Из петербургских поэтов той эпохи мне хочется назвать имя Владимира Алексеевича Пяста (Пестовского). С ним был очень дружен Блок, пока исторические события не разлучили поэтов на несколько лет.[472] Перед смертью Блока вражда их, однако, угасла сама собою. Романогерманец по образованию, декадент по строю души, лирик по сердечным своим влечениям, шахматист по своему суетному пристрастию, этот человек, несмотря на многообразие своих талантов, никогда не мог хотя бы сносно устроить свои житейские дела. При этом он воображает себя практиком. И в голодные годы он предпринимал какие-то фантастические путешествия для добывания пищи и обыкновенно возвращался с пустыми руками, измученный и едва живой. В мирные дореволюционные годы он увлекался скачками и однажды уговорил меня гхойти на них.

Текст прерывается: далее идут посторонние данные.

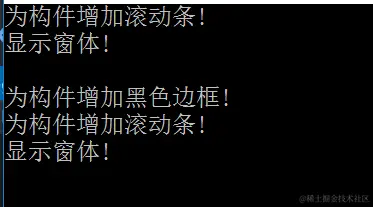 可以看到,第一次装饰之后,窗体有了滚动条。第二次装饰之后,窗体不仅有了滚动条,还增加了黑色边框。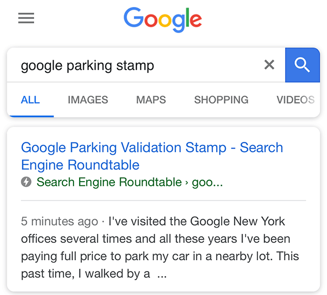Надпись «5 minutes ago» в левой части сниппета сигнализирует о том, что контент был выложен в Сеть всего 5 минут назад. Таким образом Google помечает новые материалы, недавно появившиеся в результатах поиска.

На трибуне он тотчас же преобразился и сказал мне, гипнотизируя меня своими магическими глазами, что я должен непременно играть на какую-то «Клеопатру». Я проиграл. Тогда Пяст воскликнул: «Ну, вот видите! Я так и знал, что эта хромая кляча придет последней!» — «Зачем же вы посоветовали мне на нее ставить?» — удивился я. — «Как зачем! — в свою очередь удивился Пяст. — А представьте себе, если бы она пришла первой, тогда вы взяли бы бсю кассу один: на нее никто не ставил. Я не рискнул вам предложить меньше, чем всю кассу. Все или ничего». Я согласился с его доводами, продолжая играть по той же программе, и вернулся домой пешком, утратив весь свой литературный гонорар, только что полученный, если не ошибаюсь, в конторе «Шиповника».

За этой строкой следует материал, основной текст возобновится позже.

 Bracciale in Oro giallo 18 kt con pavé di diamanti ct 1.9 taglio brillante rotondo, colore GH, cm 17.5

Я назвал Пяста декадентом. Но он не был из числа тех декадентов, которые очень довольны своими изысканностями и в телячьем восторге от собственной безнравственности. Пяст, подобно Блоку, тяготился своею судьбою «последнего лирика», по-настоящему страдал и, кажется, в наши дни, после революции, жадно ищет той почвы, на коей можно стать крепко, не боясь призраков и фантомов, не боясь всех этих выходцев из могил, коих пугался Гофман и наши петербургские романтики.
К более позднему поколению надо причислить С. А. Ауслендера, [473] племянника М. А. Кузмина и отчасти ученика своего дядюшки. Сергей Абрамович Ауслендер начал свою литературную деятельность с очень милых стилизованных рассказов. У него всегда было чутье эпохи, занимательность повествования и тот «кляризм»,[474] который защищал Кузмин. Некоторые пьесы Ауслендера имели успех на сцене. В революционные годы он как-то исчез на срок, а теперь снова завоевал себе имя в литературе, на сей раз детской. Он даже стал знаменитым в этой трудной области.

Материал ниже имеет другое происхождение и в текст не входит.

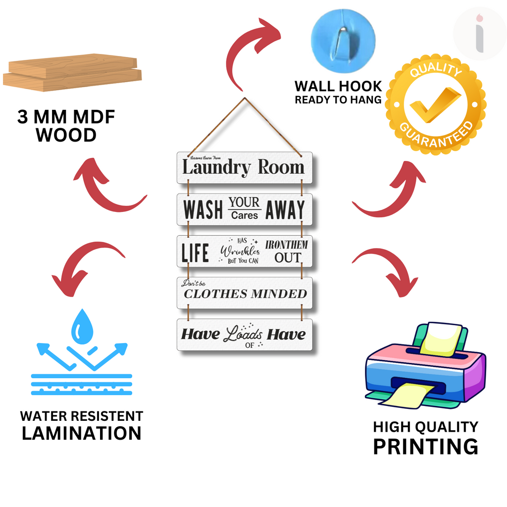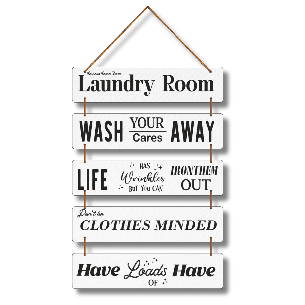 Brighten up your laundry space with this witty wall hanging full of playful life lessons! From “Wash your cares away” to “Don’t be clothes minded,” each line brings charm, humor, and a smile. Perfect for making laundry day lighter and reminding us all to iron out the wrinkles—both in clothes and life!

Ауслендер всегда отличался какой-то ленивой грацией баловня судьбы. Для него всегда характерны добродушный юмор, легкий и поверхностный скептицизм, пристрастие к богеме. Эти черты, кажется, он не утратил и теперь.
Впрочем, в молодости он, если не ошибаюсь, сочувствовал социал-демократам. Вероятно, поэтому он не прочь иногда поговорить о «бодрости» вообще и о писательской бодрости в частности.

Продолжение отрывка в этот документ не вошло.